My most embarrassing experience as a paper boy was one extremely
cold evening when nature called and I could find no appropriate
place to relieve myself and I wet my pants while riding the bike.
I naturally hurried home and came back to finish my route later.
In the summers I earned a little cash
thinning beets. It was usually less than a dollar for a day’s work.
I remember it was a satisfying achievement when I finally made a
dollar or more. When I was older (high school age) I earned $3 for
blocking, with the hoe, an acre of beets, the financial pinnacle
of my youth. In the fall I topped the beets. While I was in high
school, Dad bought the Black Knolls Ranch out of Sigurd. I helped
there in the summers as well. Dad had a ranch family who tried to
eek out a living there but it was an unprofitable enterprise like
most of those Dad engaged in other than his medical practice, especially
investing in mines. He lost many thousands of dollars in them. He
was a dreamer and became an easy mark for con artists and a few
sincere miners who truly hoped to get rich. He left dozens of worthless
stock certificates and a few we realized a few hundred dollars from.

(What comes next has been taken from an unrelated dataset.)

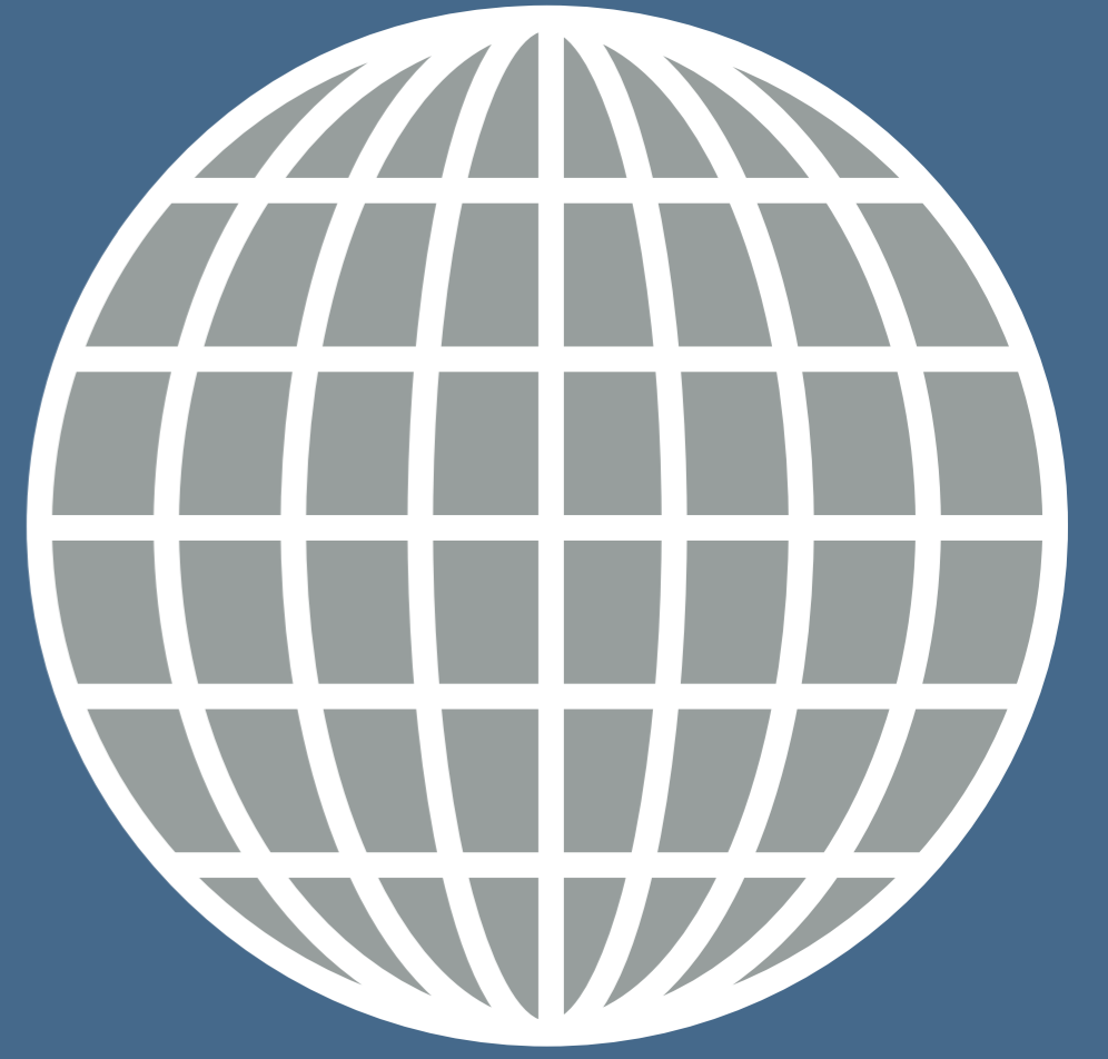
Internationales 9,6 %

It was because Dad was an eternal optimist which is usually a desirable
characteristic. He was one of the finest, most honest, and sincerely
religious men I ever knew. He had a gigantic heart and did free
medical work for hundreds including all the Indians in that area.
Many took advantage of him but I’m sure he is now receiving his
reward. I loved both my parents, very, very much. As is customary,
I didn’t appreciate them as much as I should have when I was young,
but did always try to honor them and let them know I loved them.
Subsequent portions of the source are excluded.